Raq’s brothers have been beefing for weeks on Power Book III: Raising Kanan about everything from Lou-Lou’s outside interests in music to Marvin’s inability to keep track of his daughter Jukebox.
During Sunday’s installment, titled “The Cost of Business,” the two even took verbal swipes at each other about personal hygiene and being plugged into street scuttlebutt. But by the end of Episode 8, when Lou-Lou’s life hung in the balance after Nique’s crew firebombed his house, it was Marvin who came to his rescue and bravely carried him out of the fiery wreckage.
While fans won’t know until next week if Lou-Lou survived the attack, the drug-dealing brothers’ constant sniping juxtaposes perfectly with Marvin’s loving and inherent need to protect his sibling, according to actors Malcolm M. Mays and London Brown, who play Lou-Lou and Marvin, respectively. It was also the Starz drama’s most deadly and explosive episode thus far.
“Power Book III is different from anything else in the Power universe because it’s all about families,” Mays tells TVLine. “And that’s something I can relate to personally.”
For instance, Mays and Brown are still laughing about the sidewalk fist fight the characters had in Episode 5 that the police had to break up.
“It was such a brother fight,” Mays recalls with a chuckle. “Like no one wanted to hurt each other. We had to shoot the fight two times because the producers said it looked like a TV fight. That’s when I started egging London on and calling him Marvin so that we would stay in character. I kept saying, ‘You know what Marvin? Hit me. You know you want to hit me.’ London is such a nice guy. He didn’t want to hit me but it helped create the tension. We looked so ridiculous.”
Although Marvin embraces violence (and driving straight at people while they shoot at him until he crashes), Brown prefers a more cerebral approach.

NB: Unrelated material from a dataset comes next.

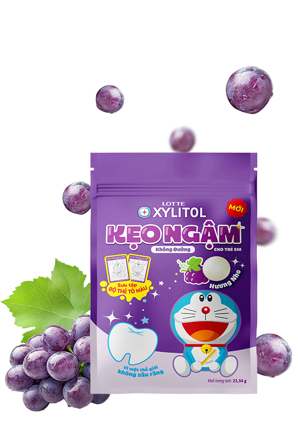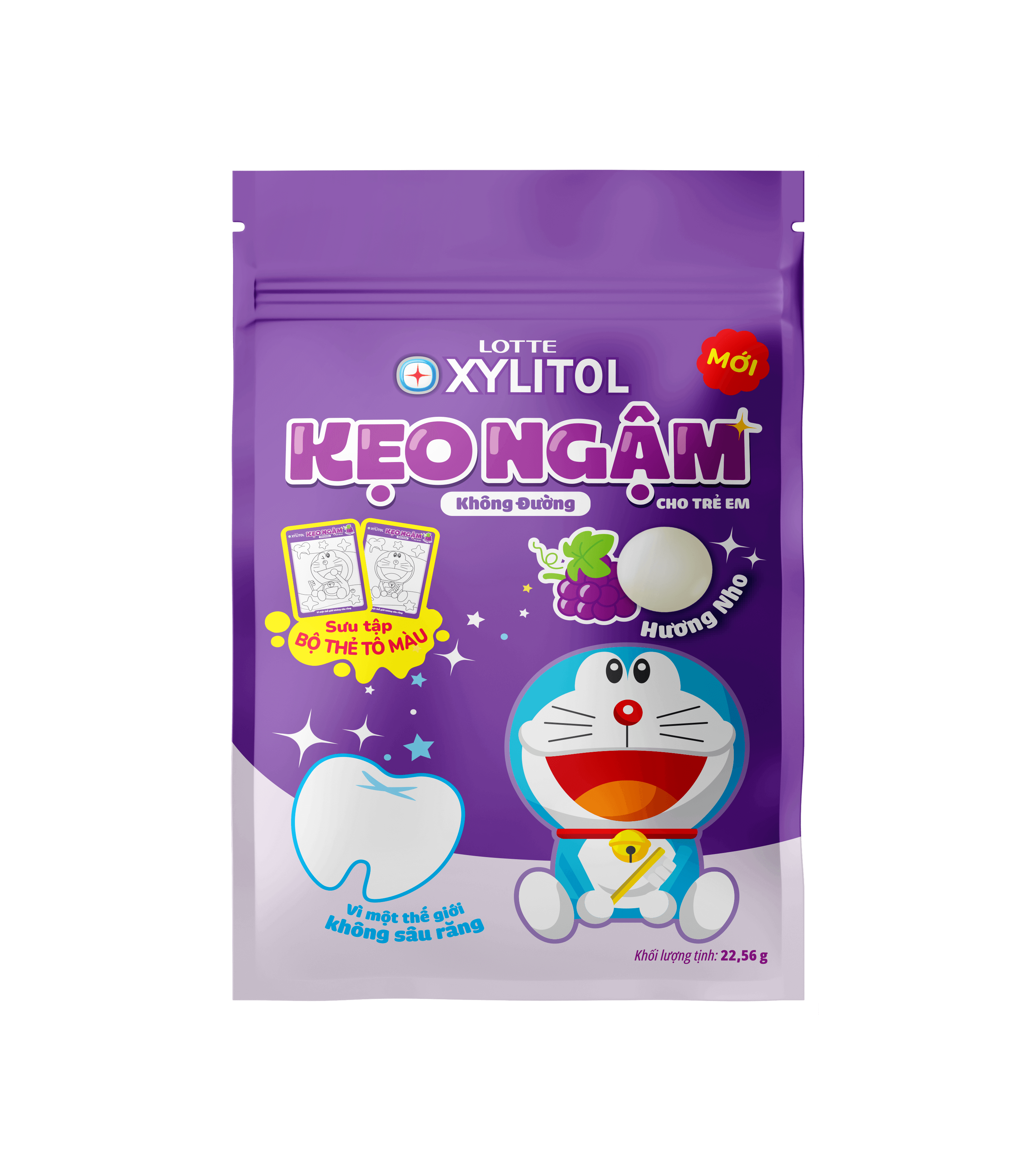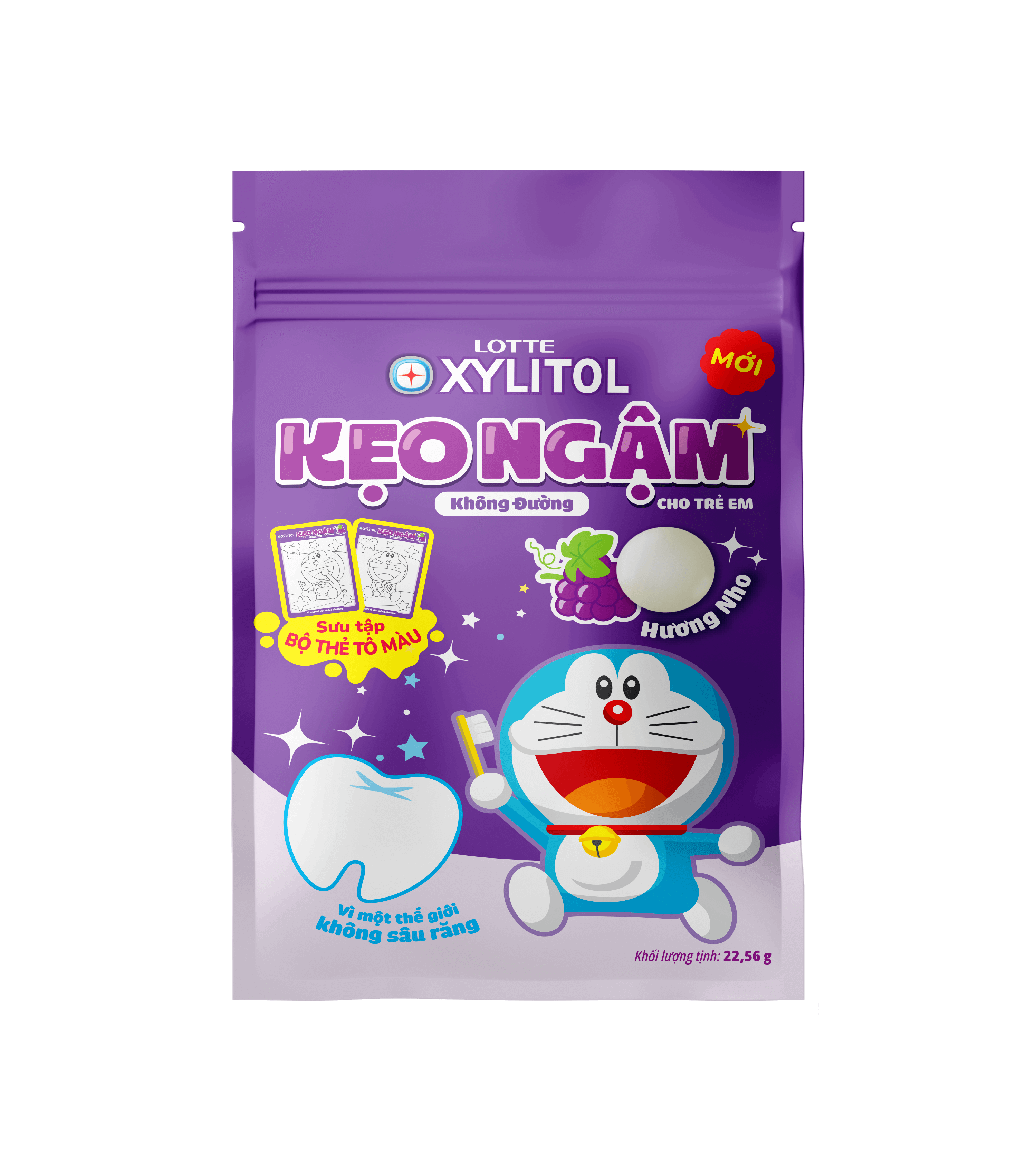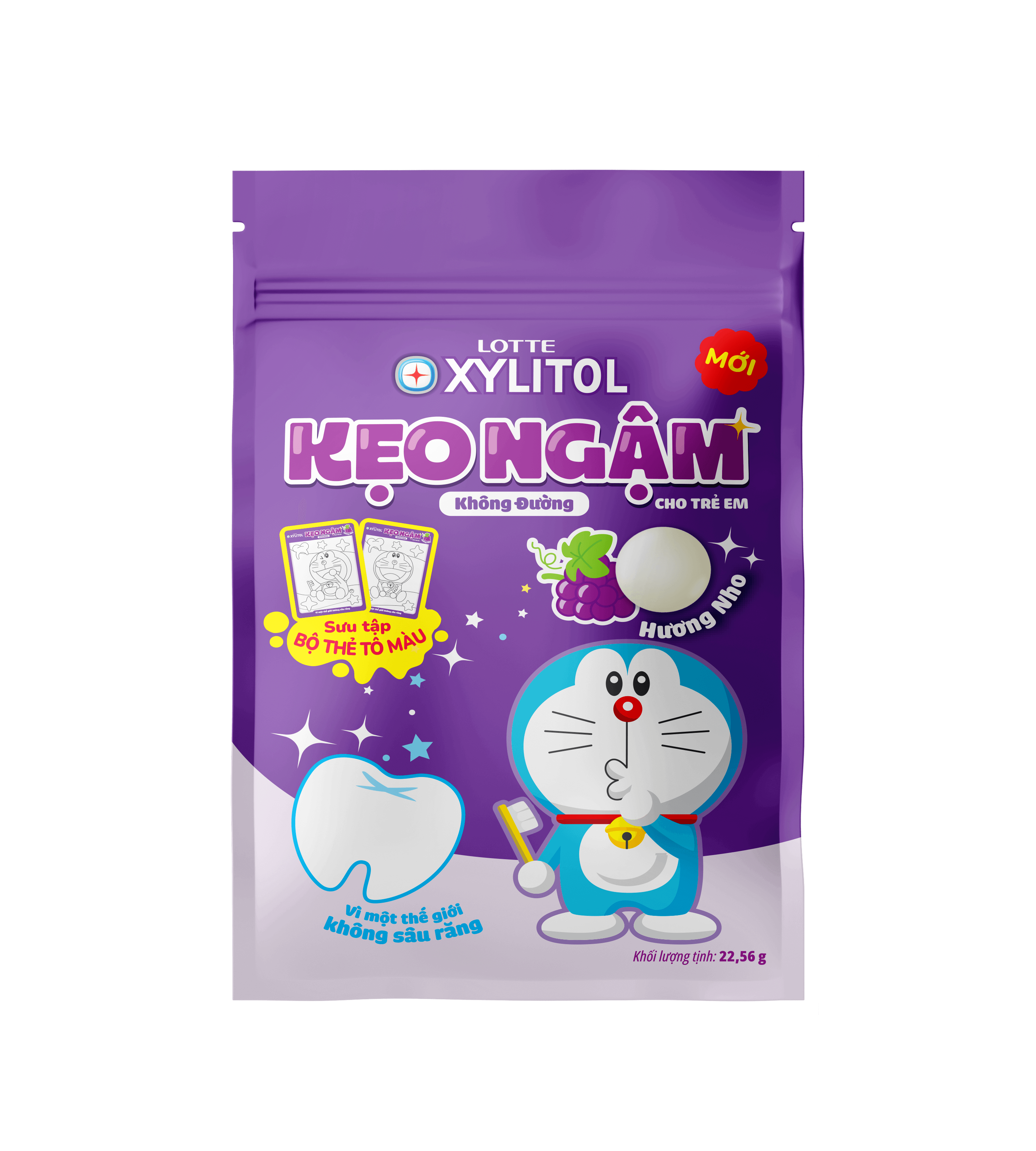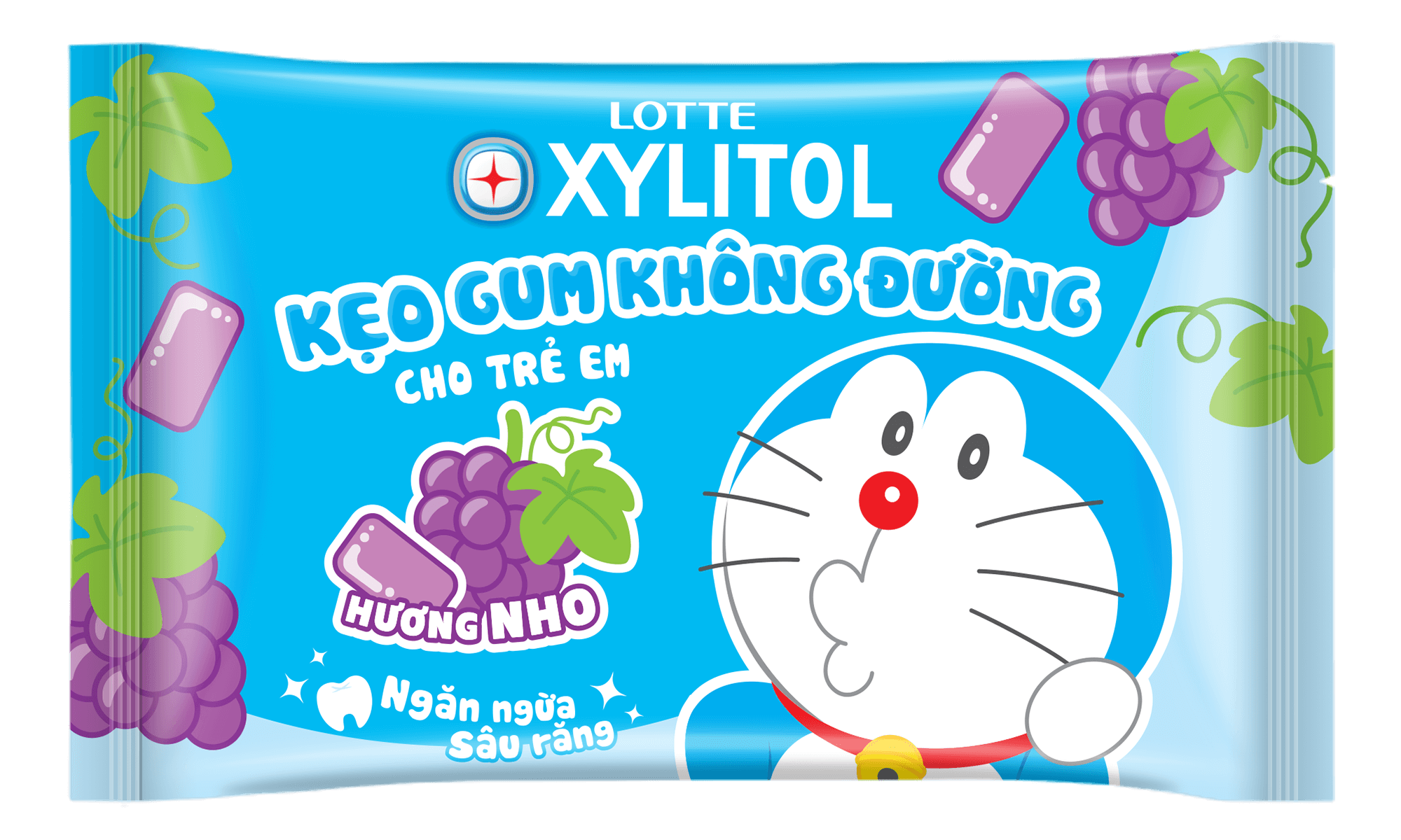 Sweet strawberry flavor without mint’s cooling taste, with adorable Doraemon figures.

“I’m always in my head,” the Ballers vet shares. “I’ve always got lots of questions… Sometimes, when they say cut, the laughter will continue. Or they say cut and you gotta find the Kleenex and wipe your eyes and reboot, and get ready for the scene again. It just depends on the scene. But most of the time, we’re all just really trying to stay present.”
Carrying Lou-Lou out of the fire was both physically and emotionally taxing for Marvin and his portrayer, who was carrying with him the weight of Raq disowning Marvin and his complicated fraternal relationship.

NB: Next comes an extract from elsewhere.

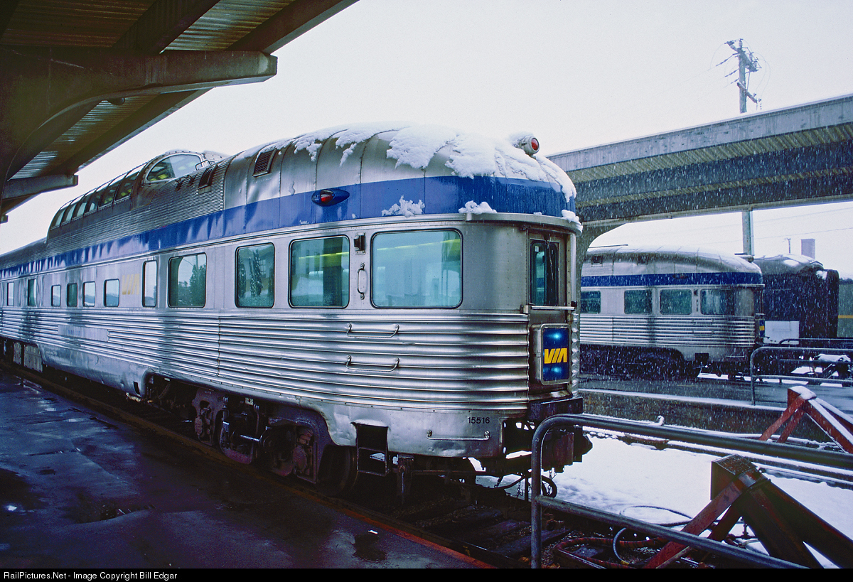 VIA's Canadian is ready to load passengers at Vancouver, BC during a blizzard that will shut down the airport and close Hwy 1 in the Fraser Canyon. The train will run, leaving Vancouver on time. The Tweedsmuir Park brings up the rear, while another Park observation looks on a couple tracks over.

“I didn’t try to totally escape [that] the minute they called cut,” Brown recalls. “If I need to be where I need to be, I’ll just kind of sit and stay there emotionally and mentally, but not necessarily in character. I played a lot of Nas’ ‘Illmatic’ to stay in that space and get ready.”
Brown also wanted to bring as much realism to the portrayal as he could.
“With all of his notorious acts, Marvin is still grounded,” Brown surmises. “He has issues that he hasn’t flushed out yet, and unfortunately, that clouds his decision making.”